Your task: Give back an exact repetition of the material below, from its first line through the line that contains "Jimco, Abril 24, 2020", both included, minus the pictures.

Data:
#####

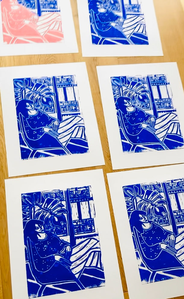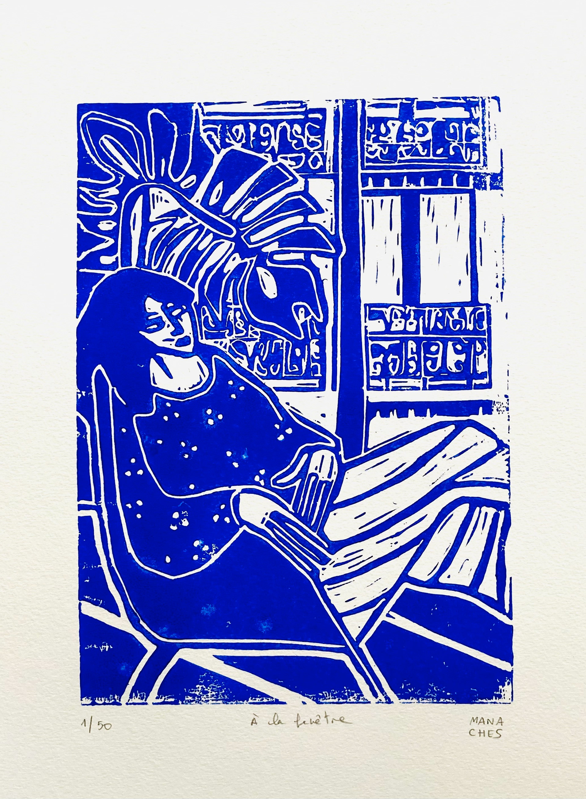 Linogravure sur papier artistique 250 g/m². Format 30 x 42 cm. Série unique encrée à la main, numérotée et signée. Version monochrome bleue
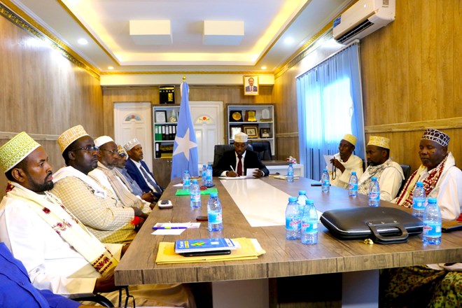 Jimco, Abril 24, 2020 (HOL) - Wasiirka wasaaradda Aw-qaafta iyo arrimaha diinta Soomaaliya Shiikh Nuur Maxamed Xasan, wasiir ku xigeenka wasaaraddaasi iyo qaar kamid ah culimada Magaalada Muqdisho ayaa waxey maanta yeesheen kulan looga hadlayay sidii wadaaddada ay qeyb uga noqon lahaayeen la dagaallanka xanuunka COVID-19 oo ay dowladda hadda dagaal kula jirto.
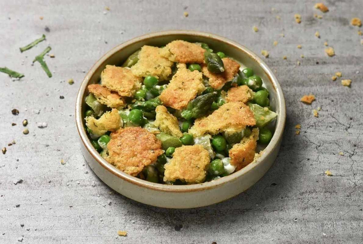 Le crumble, c'est encore meilleur quand c'est salé ! Celui-ci a un bon goût de parmesan et de basilic. Il accompagne des petits pois croquants, des asperges vertes françaises et une crème de pesto.
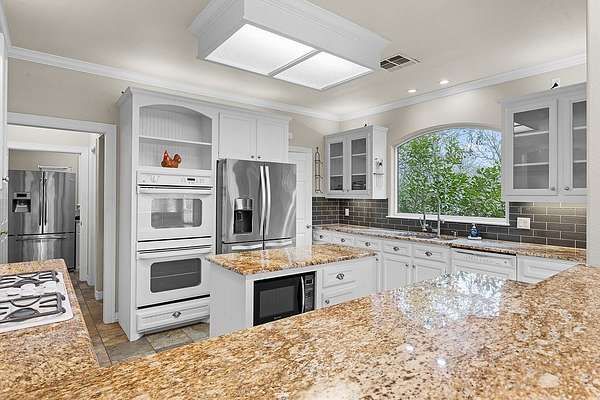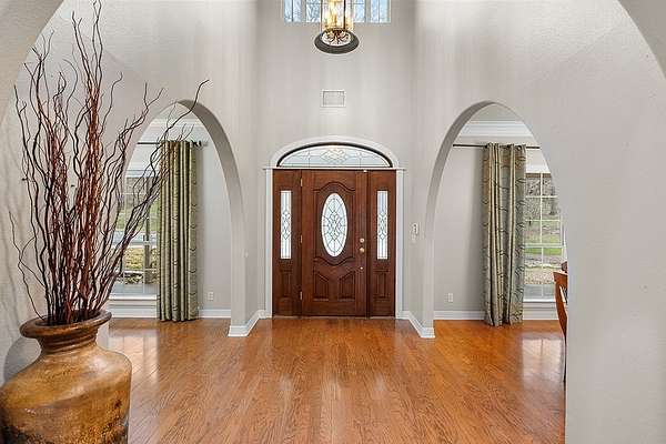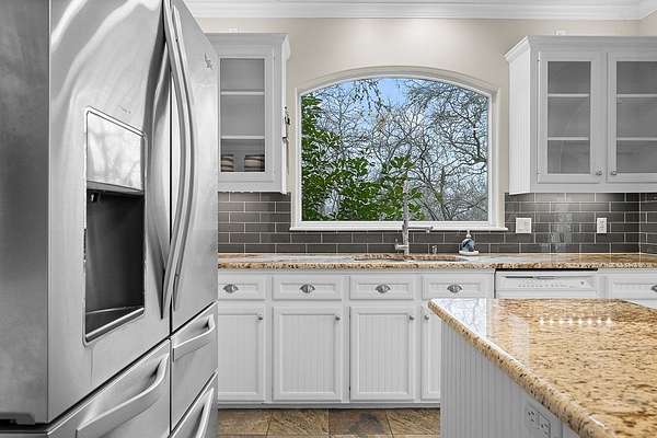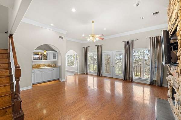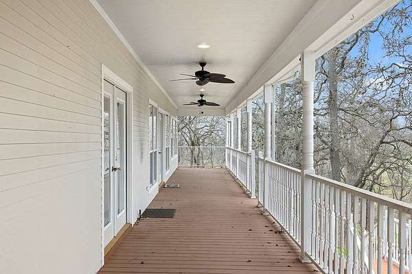 This exceptional 4-bedroom, 3.5-bathroom home is situated on 2.4 acres, providing a serene retreat surrounded by nature while maintaining convenient proximity to town amenities. The property offers tranquility, featuring oversized front and back porches and a spacious yard with mature trees ensure privacy. Entering the home, guests are welcomed by a grand chandelier and vaulted ceilings, setting an elegant tone. The living room includes a wet bar, a floor-to-ceiling stone gas fireplace complimented by built-in lower cabinets with the floorplan flowing seamlessly into a well-appointed breakfast area featuring large windows for abundant natural light. The primary suite is located on the main level, offering private access to the back porch with views of the Colorado River. The ensuite bathroom boasts a luxurious soaking tub, separate walk-in shower, dual vanities with built-in cabinetry, an expansive walk-in closet with built-in drawers and a shoe rack, and a dedicated bathroom area. An additional bedroom and full bathroom are also conveniently located downstairs. Upstairs you'll find a versatile flex space that can serve as a game room or second living area. Two spacious bedrooms at opposite ends share a bathroom. Additional amenities include a half bath, a large laundry room, motion-activated lighting, upper and under-cabinet kitchen lighting, abundant storage and closet space. There is no HOA associated with this property.

#####

Output of the task:
 Linogravure sur papier artistique 250 g/m². Format 30 x 42 cm. Série unique encrée à la main, numérotée et signée. Version monochrome bleue
 Jimco, Abril 24, 2020 (HOL) - Wasiirka wasaaradda Aw-qaafta iyo arrimaha diinta Soomaaliya Shiikh Nuur Maxamed Xasan, wasiir ku xigeenka wasaaraddaasi iyo qaar kamid ah culimada Magaalada Muqdisho ayaa waxey maanta yeesheen kulan looga hadlayay sidii wadaaddada ay qeyb uga noqon lahaayeen la dagaallanka xanuunka COVID-19 oo ay dowladda hadda dagaal kula jirto.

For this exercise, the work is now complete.